Supplied information Start Marker
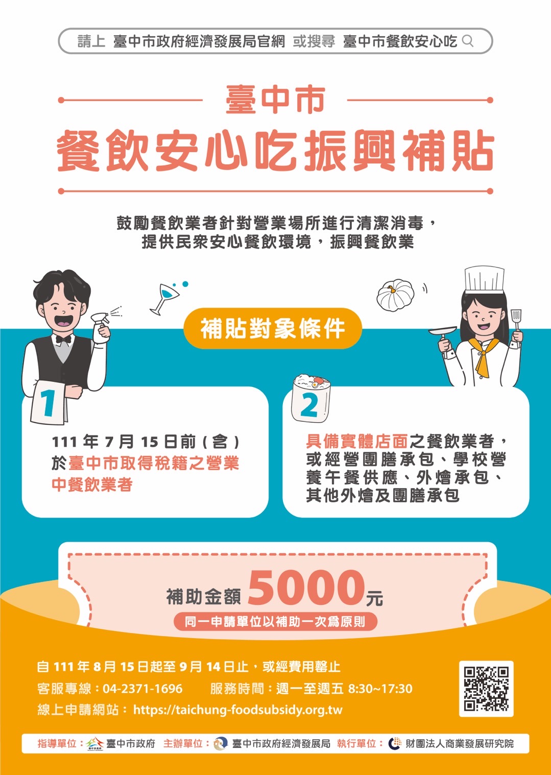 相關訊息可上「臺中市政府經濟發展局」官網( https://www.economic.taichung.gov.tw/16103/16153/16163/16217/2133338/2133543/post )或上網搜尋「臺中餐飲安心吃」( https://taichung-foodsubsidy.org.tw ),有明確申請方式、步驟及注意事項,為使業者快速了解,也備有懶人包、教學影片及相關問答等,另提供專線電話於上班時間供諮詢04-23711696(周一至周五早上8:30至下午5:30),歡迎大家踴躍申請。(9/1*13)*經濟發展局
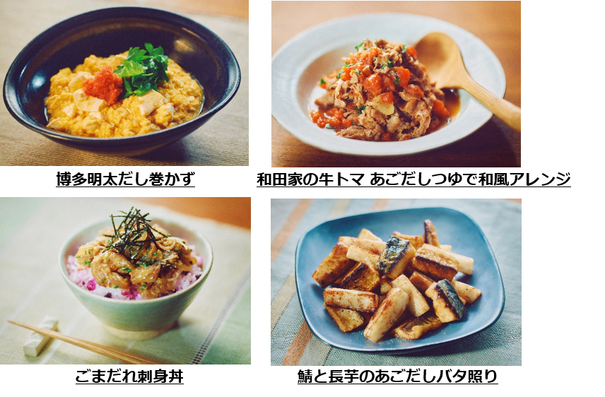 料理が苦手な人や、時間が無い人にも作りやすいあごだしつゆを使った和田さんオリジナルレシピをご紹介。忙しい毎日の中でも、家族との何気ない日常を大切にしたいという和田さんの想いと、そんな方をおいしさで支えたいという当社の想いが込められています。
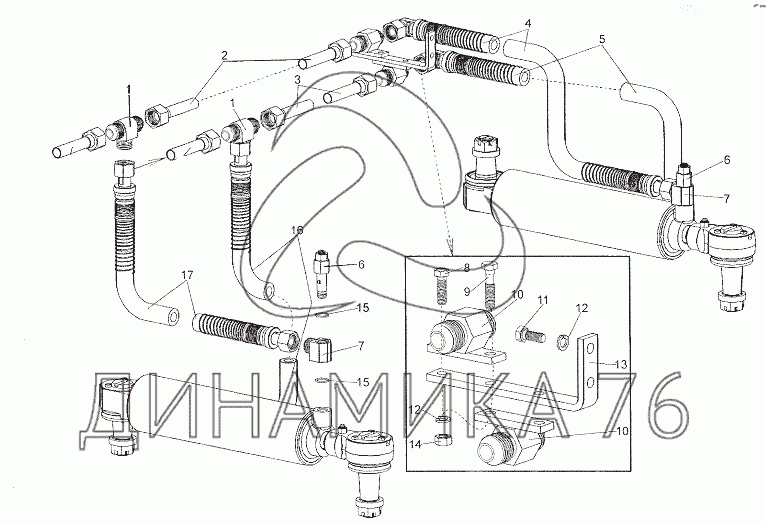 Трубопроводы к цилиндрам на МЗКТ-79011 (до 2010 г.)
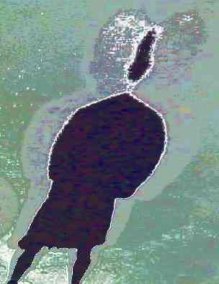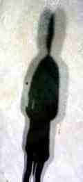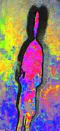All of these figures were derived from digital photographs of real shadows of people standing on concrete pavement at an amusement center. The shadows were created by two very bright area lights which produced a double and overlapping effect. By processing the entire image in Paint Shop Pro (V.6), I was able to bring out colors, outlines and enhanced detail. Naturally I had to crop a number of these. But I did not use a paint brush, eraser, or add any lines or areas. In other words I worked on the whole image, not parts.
Supplied information End Marker
__Problem__. When you reach the line that contains "料理が苦手な人や、時間が無い", start copying the listing word for word and stop only after its last line, without any pictures.

__Response area__.
 料理が苦手な人や、時間が無い人にも作りやすいあごだしつゆを使った和田さんオリジナルレシピをご紹介。忙しい毎日の中でも、家族との何気ない日常を大切にしたいという和田さんの想いと、そんな方をおいしさで支えたいという当社の想いが込められています。
 Трубопроводы к цилиндрам на МЗКТ-79011 (до 2010 г.)
All of these figures were derived from digital photographs of real shadows of people standing on concrete pavement at an amusement center. The shadows were created by two very bright area lights which produced a double and overlapping effect. By processing the entire image in Paint Shop Pro (V.6), I was able to bring out colors, outlines and enhanced detail. Naturally I had to crop a number of these. But I did not use a paint brush, eraser, or add any lines or areas. In other words I worked on the whole image, not parts.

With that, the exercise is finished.